While phosphorylation has been the most studied PTM, he also predicted that based on the number of predictions made by scan-x, acetylation could very soon rival phosphorylation as a PTM of interest.
The PhosphoSite has about 3,000 acetylation modifications, but using the motif-x and scan-x algorithms, and a specificity of 95 percent, there are an additional 54,000 predicted modifications. At 99-percent specificity an additional 18,000 modifications can be expected, Schwartz said.
The method should be effective for detecting any PTM "that we can get at by mass spec and [for which we] have a decent amount of data … assuming that there is some residue dependency surrounding the PTM," he added.
He said he has used the approach on datasets for PTMs such as glycosylation and SUMOylation, but didn't include the data in the MCP paper because the datasets weren't large enough. However, "the data is very similar" to what they found with phosphorylation and acetylation, "and everything seems to point to the fact that you're going to get very similar sensitivities and specificities," he added.
The strategy is also able to predict PTMs across different organisms.
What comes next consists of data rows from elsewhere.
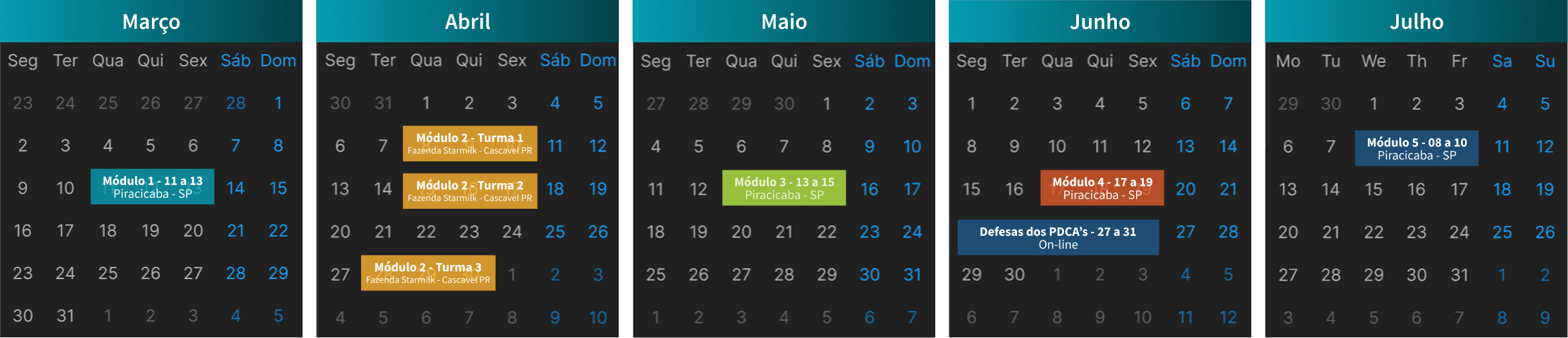 Módulo 2: No módulo 2 as aulas serão na Fazenda Starmilk, em Cascavel - PR. Devido às atividades práticas, a turma será dividida em 3 para este módulo.
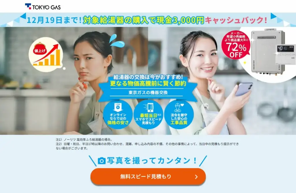 スマートフォンから簡単にお見積もりを依頼でき、最短当日に回答や訪問が可能です。急な給湯器の故障でお困りの際にもスピーディーに対応します。
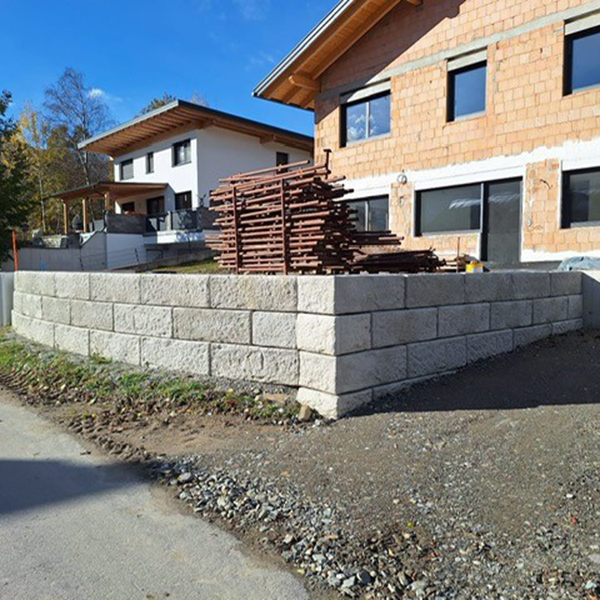 Durch das SW-Stützwandsystem konnte eine stabile Hangsicherung neben dem Haus sowie ein Niveauausgleich vor dem Haus geschaffen werden.
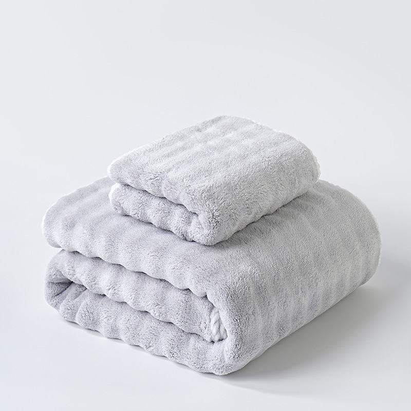 • (루이송 그레이) 목욕타월 + 타월 + 헤어드라이 타월 [크림버블벨벳A등급항균]
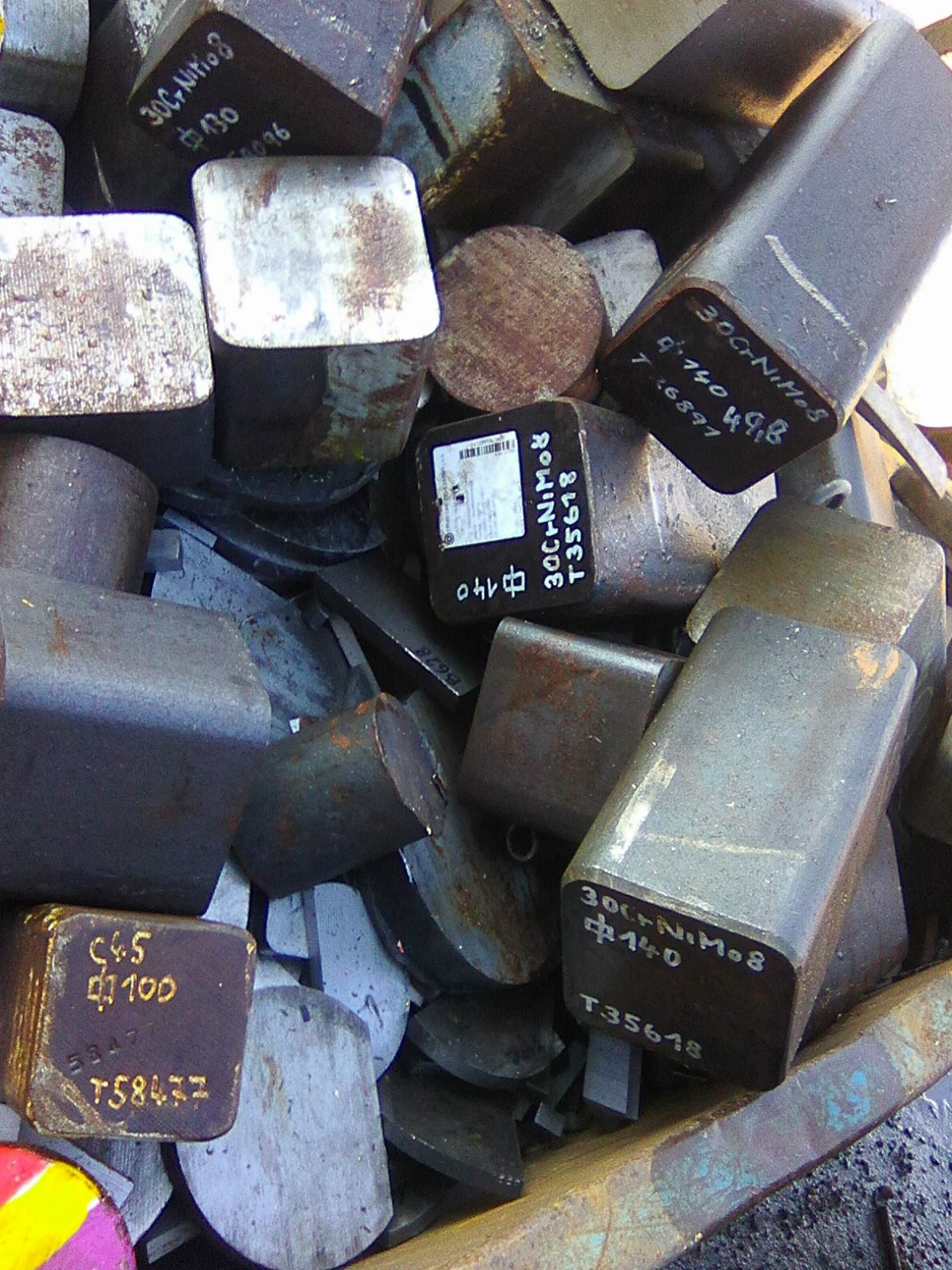 O kus dál, ve dvoře naproti malé chladicí věži, odřezky čtyřhranů 100, 130, 140 z C45, 30CrNiMO8, 42CrMo4.
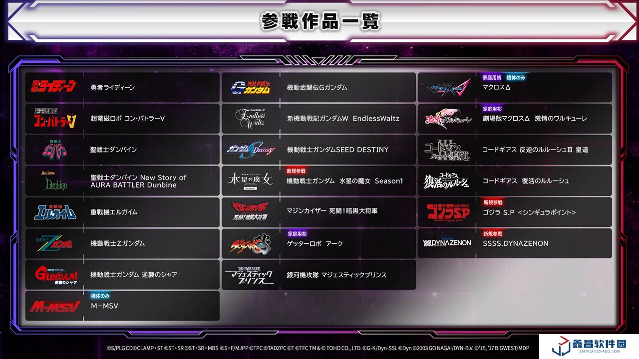 除了確定 21 部參戰作品之外,萬代南夢宮還公布了各種曲目,包括由 JAM Project 演唱的主題曲「反撃 Fight Back!」。

While the biological community has "assumed the motifs would be conserved" across organisms, it has never been proven," Schwartz said.
"There might be slight differences between various organisms as far as what their motif preferences are … so I think it is kind of important if you're going to carry out a prediction to make it organism-specific," he said.
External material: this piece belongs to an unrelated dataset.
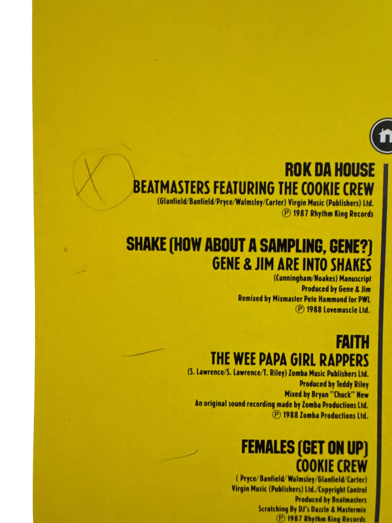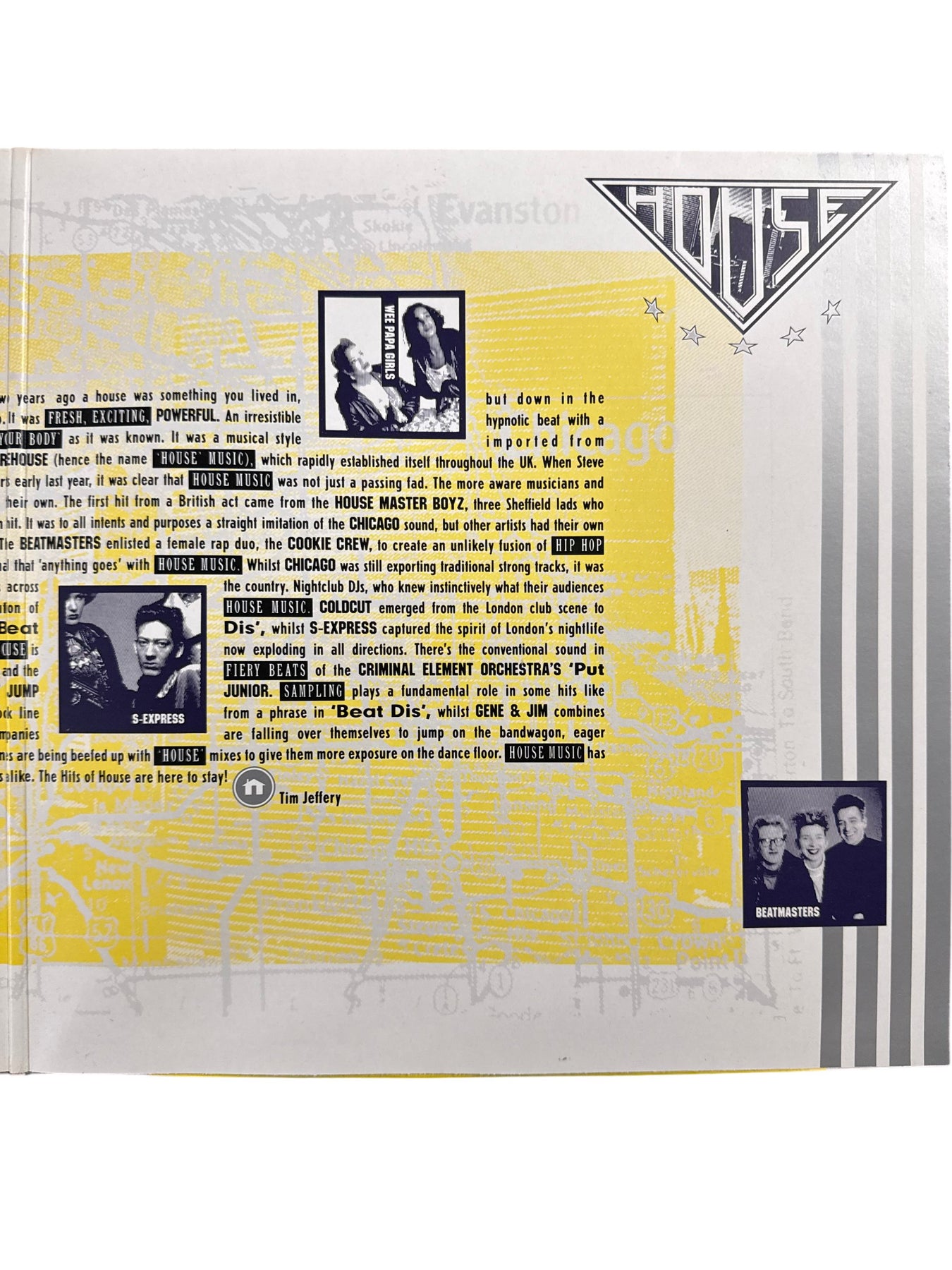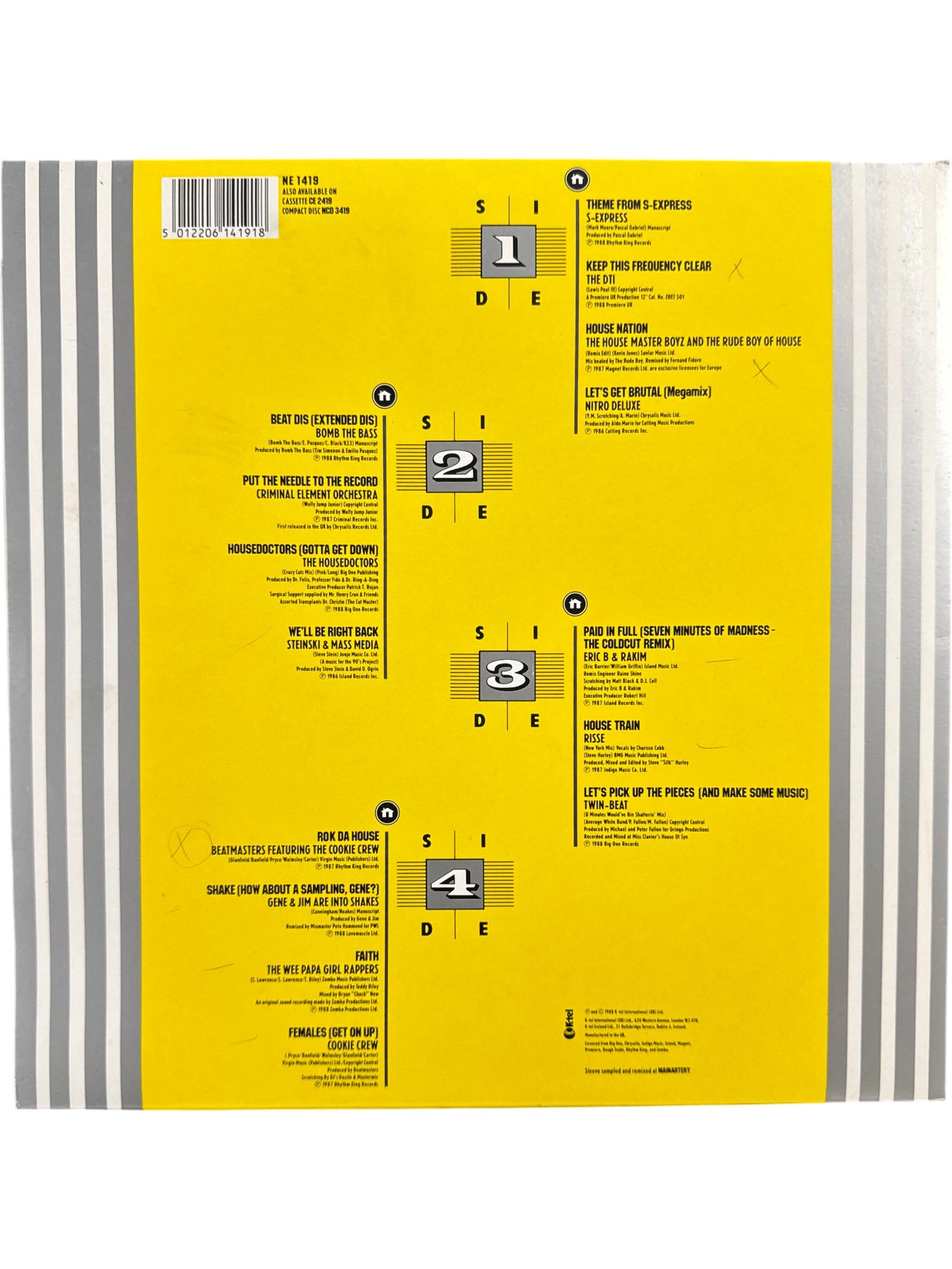 Double vinyl album featuring a collection of house music hits. Includes tracks from Bomb The Bass, Eric B and Rakim, and S-Express. Each record plays at 33 1/3 RPM stereo.

In their paper, the authors said the predictive functionality of scan-x coupled with motif-x "will provide the necessary bridge between those who work on the proteomic scale and those who work on the protein scale."
Future research, they added, will focus on improving the predictive performance of the method and adding data from different modification sites.
"It is the concerted interaction of numerous protein modifications that likely contribute to a significant amount of phenotypic variability … and it is therefore our hope that protein modification prediction can also become a useful tool for interpreting diversity in human populations and in those other species," they said in the paper.